The trial court ruled that plaintiffs’ Federal Motor Vehicle Safety Standards allegations do not state a basis for a misrepresentation under the CLRA because they fail to allege that “the parking brake systems were not ‘capable’ of holding the subject vehicles stationary for 5 minutes in both a forward and reverse direction on a 30 percent grade, nor is there an allegation that the parking brake system did not hold the vehicle stationary for 5 minutes in both a forward and reverse direction on the grade.” The trial court’s reading of plaintiffs’ allegations is unduly narrow and inconsistent with the mandate to construe the CLRA liberally (§ 1760; Wang v. Massey Chevrolet, supra, 97 Cal.App.4th at p. 869) and to give the complaint a reasonable interpretation (Aubry v. Tri-City Hospital Dist., supra, 2 Cal.4th at pp. 966-967). Plaintiffs allege that the label or tag affixed to each of the subject vehicles certifying that the vehicle conformed to all effective Federal Motor Vehicle Safety Standards was false because the parking brake system was defective. Liberally construed, that allegation alleges that the parking brakes could not hold the subject vehicles as required by 49 C.F.R. part 571.105, subpart 5.2.1 and 49 C.F.R. part 571.135, subpart 7.12.3 and, accordingly, is sufficient to establish a misrepresentation under the CLRA.

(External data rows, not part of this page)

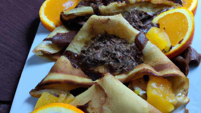 Disposer 1 crêpe par assiette, garnir de crème au chocolat et de tranches d'orange.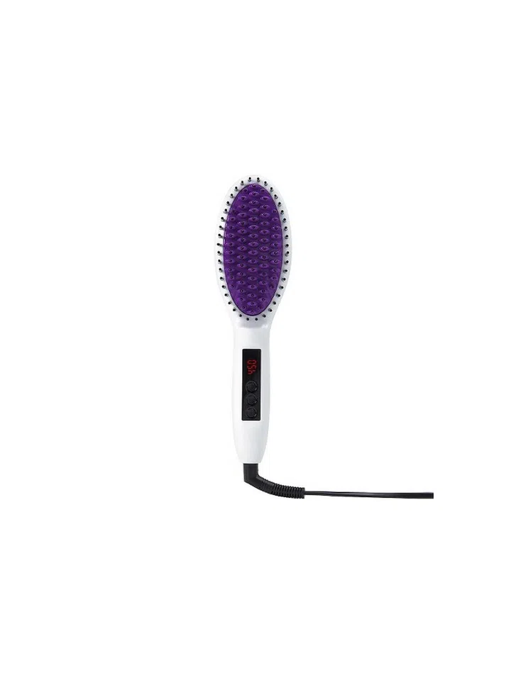 Even thick, coiled, and ultra-curly hair can be straightened with this brush, as long as you work in small sections. The heat is adjustable and the brush swivels 360 degrees so you can straighten at all angles.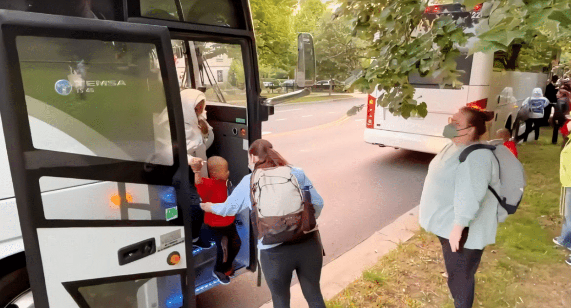 “The bus was filled with men, women and children, who were met with volunteers from SAMU First Response and Mutual Aid. They were loaded onto another charter bus, heading to what NBC News was told is a “place of refuge” to get their needs triaged and to figure out next steps.” NBC News reported.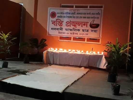 নলবাৰী আঞ্চলিক ছাত্ৰ সন্থাৰ সাধাৰণ সম্পাদক নিলকমল বৰ্মনে আতঁ ধৰা অনুষ্ঠানত আছুৰ ৰাজ্যিক সাংগঠনিক সম্পাদক হিমান বৰ্মন, সাধাৰণ সম্পাদক অক্ষয় ডেকা, ছাত্ৰ নেতা ভবজিত বেজবৰুৱা, শশাংক দত্ত, ৰিয়াজউদ্দিন আহমেদ, আঞ্চলিক সমিতিৰ সভাপতি ৰুবুল বৰ্মন, জিলা কৰ্মচাৰী পৰিষদৰ সাধাৰণ সম্পাদক উদয় বৰ্মন সহ বহু সংখ্যক বিশিষ্ট লোকে বন্তি প্ৰজ্বলন কৰি শ্ৰদ্ধা নিবেদন কৰে৷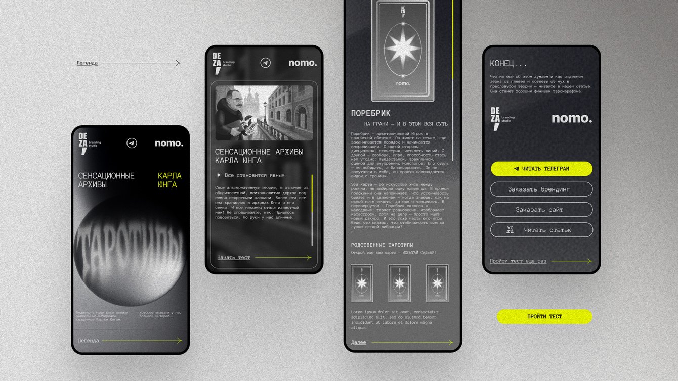 При этом выпадающие после прохождения теста Таротипы были рандомными — от ответов на вопросы итог совершенно не зависел. Так мы хотели показать подобную произвольность результатов брендинга, когда он лишен грамотной стратегической части. И выражали ту самую мысль, что любой архетип подойдет любому человеку или бренду — вопрос в подаче и обосновании.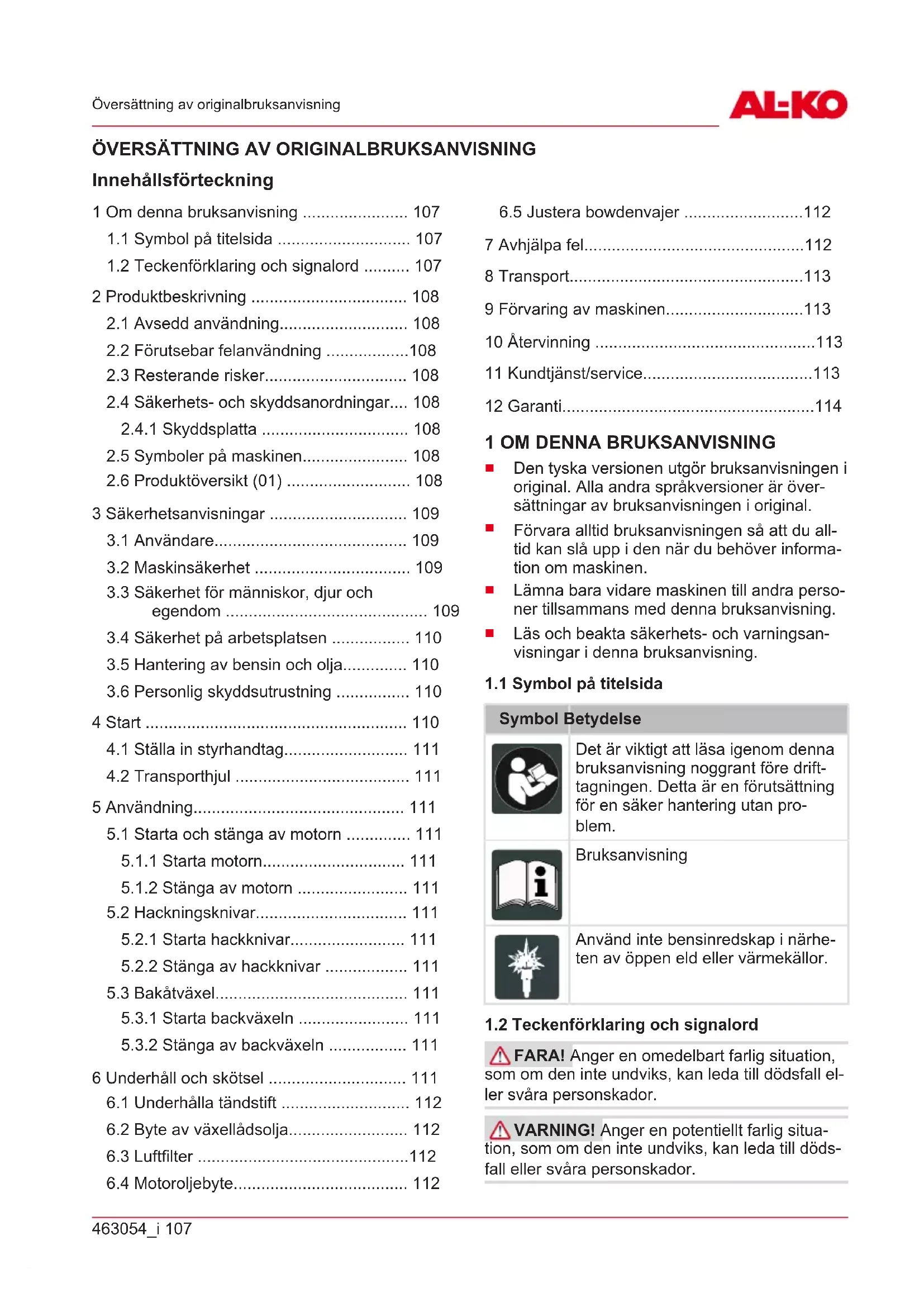 Produktöversikten (01) ger en överblick över ma- skinen. Nr. Komponent 1 Kopplingsspak 2 Gasreglage 3 Backspak 4 Startlina 5 Transporthjul 6 Hackningsknivar 7 Skyddsplatta 8 Skyddsplåt 9 Bromssporre463054_i 109 Säkerhetsanvisningar 3 SÄKERHETSANVISNINGAR FARA! Livsfara och fara för mycket all- varliga personskador! Bristande kännedom om säkerhetsanvisningar och bruksanvisningar kan leda till allvarliga personskador och t.o.m. döds- fall.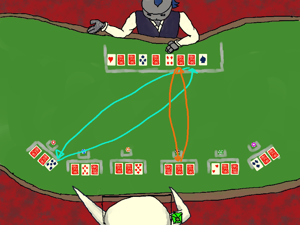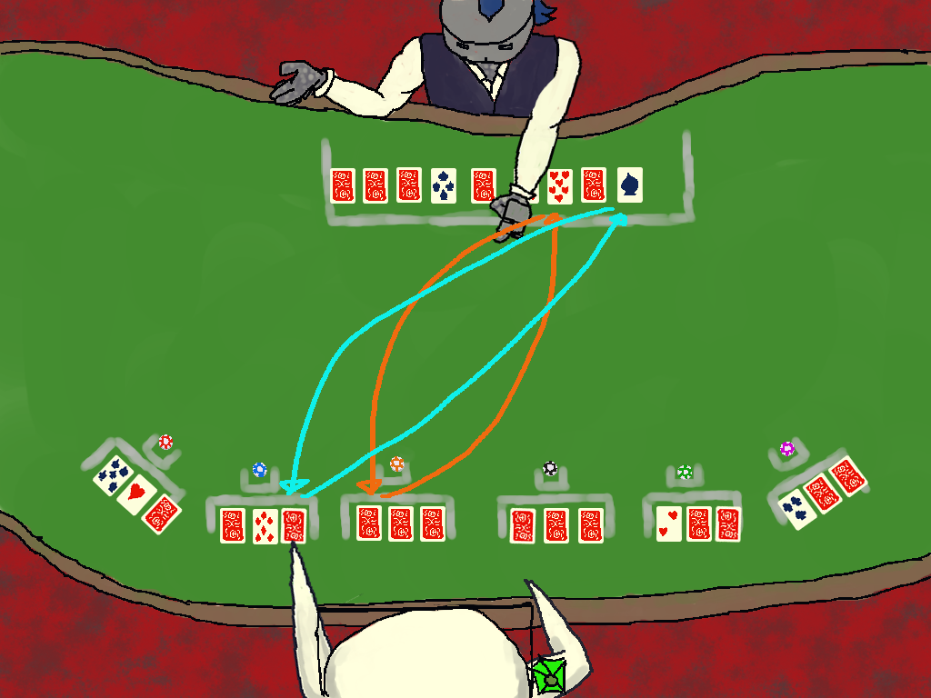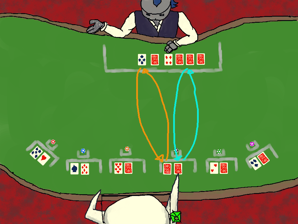 -Then, without revealing them, you will look at all the face-down cards you have received and the house will look at theirs. Once everyone knows what cards they have, we once again move onto trading.
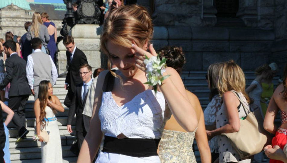 ארין פייזלי בת ה-18 מקנדה החליטה שהיא לא הולכת לשלם סכומים לא הגיוניים על שמלת טקס סיום התיכון, ובמקום, הכינה שמלה המורכבת מדפי מחברת המתמטיקה שלה. על השמלה כתבה באדום "מלאלה", שם הארגון הפועל למען השכלתן של נשים ברחבי העולם. מבחינתנו, היא קיבלה 100 בבגרות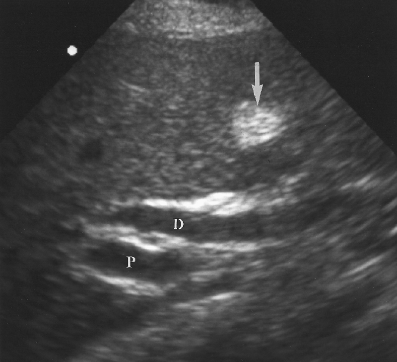 Name the abdominal organs in order from Hyperechoic to hypoechoic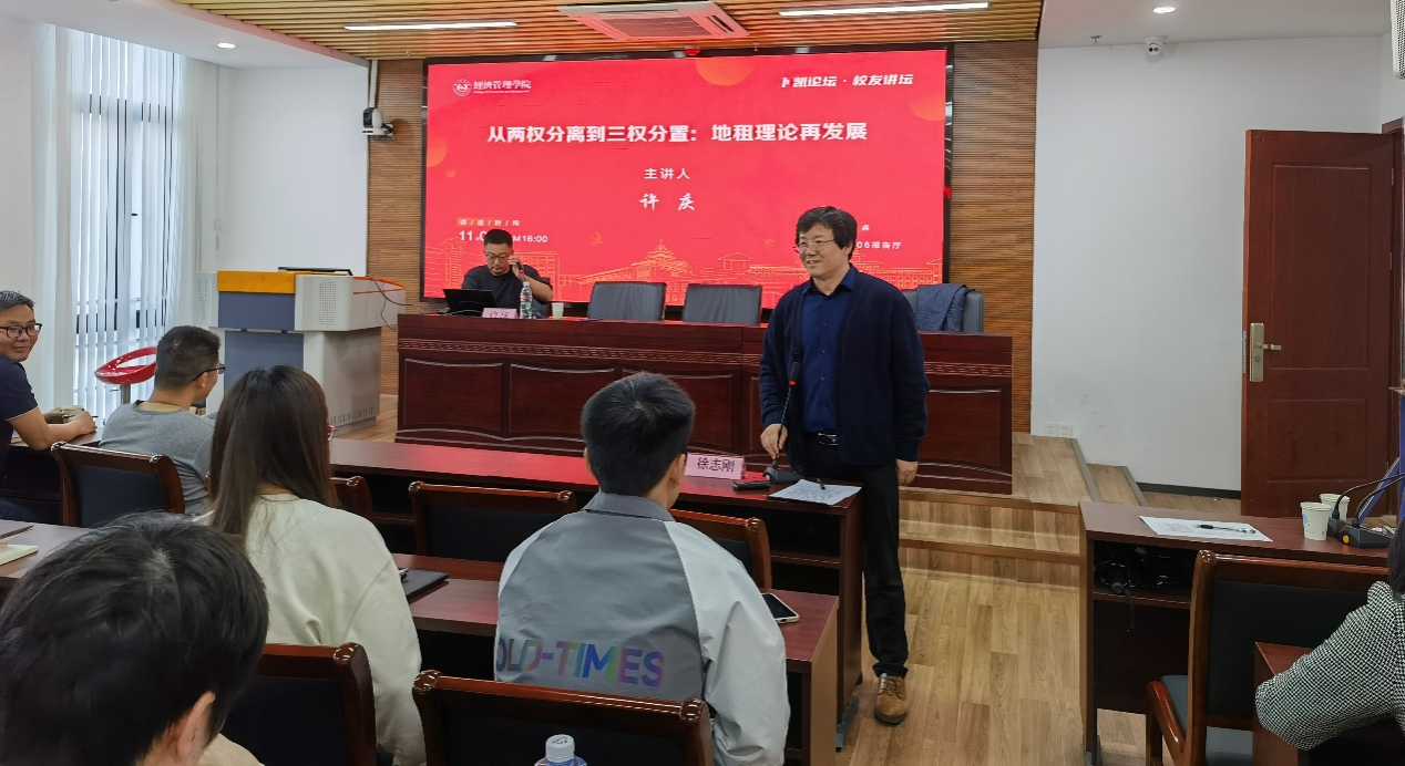 报告伊始,许教授先讲授了地租理论,回顾了威廉配第、亚当斯密、大卫·李嘉图和马克思对地租的理解,并对中华人民共和国成立以来到现在土地租金发展历程进行了分析,帮助学生生动形象理解相关理论。

Also, plaintiffs’ allegations establish a misrepresentation under the CLRA based on 49 C.F.R. part 571.135, subpart 5.6(a) which provides, in pertinent part, “[a]ll mechanical components of the braking system shall be intact and functional.” Plaintiffs allege that defendant knew that “the parking brakes on the Subject Vehicles were defective in that they did not work.” We must accept that allegation as true. (Aubry v. Tri-City Hospital Dist., supra, 2 Cal.4th at pp. 966-967.) If the parking brakes “did not work,” then they were not “functional” as required by subpart 5.6(a), and a certification that a vehicle equipped with such parking brakes conformed to “All Applicable U.S. Federal Motor Vehicle Safety Standards in Effect on the Date of Manufacture” is an actionable misrepresentation under the CLRA.
Plaintiffs also allege that defendant violated section 1770, subdivisions (a)(5) and (a)(7) of the CLRA when defendant represented that the subject vehicles had characteristics and benefits they did not have and were a particular standard, quality, or grade they were not. In support of their CLRA cause of action, plaintiffs allege that defendant made representations about the quality, safety, and performance of the parking brake system on the subject vehicles while failing to disclose information it knew about the defect in the parking brakes. The list of proscribed practices in section 1770 includes the concealment or suppression of material facts. In the CLRA context, “[f]raud or deceit may consist of the suppression of a fact by one who is bound to disclose it or who gives information of other facts which are likely to mislead for want of communication of that fact.” (Outboard Marine Corp. v. Superior Court (1975) 52 Cal.App.3d 30, 37; compare with Bardin v. DaimlerChrysler Corp. (2006) 136 Cal.App.4th 1255 and Daugherty v. American Honda Motor Co., Inc. (2006) 144 Cal.App.4th 824, 835 [“although a claim may be stated under the CLRA in terms constituting fraudulent omissions, to be actionable the omission must be contrary to a representation actually made by the defendant, or an omission of a fact the defendant was obliged to disclose”].) Plaintiffs’ allegations are sufficient to state a violation of the CLRA based on defendant’s alleged representations about the parking brakes and concealment of the defect. (See Outboard Marine Corp. v. Superior Court, supra, 52 Cal.App.3d at p. 37.)
Slip op. at 12-14 (footnotes omitted). The discussion of the plaintiffs' claims under the UCL's three prongs is equally interesting, including the holding that the plaintiffs "need not wait for a catastrophic event such as brake failure to bring an action under the UCL based on the facts alleged in the fourth amended complaint." Id. at 19. I would not be surprised to see publication requests filed here.
By the way, thanks again to JS, who continues to tirelessly mine the unpublished Court of Appeal opinions and send me the gems like this one.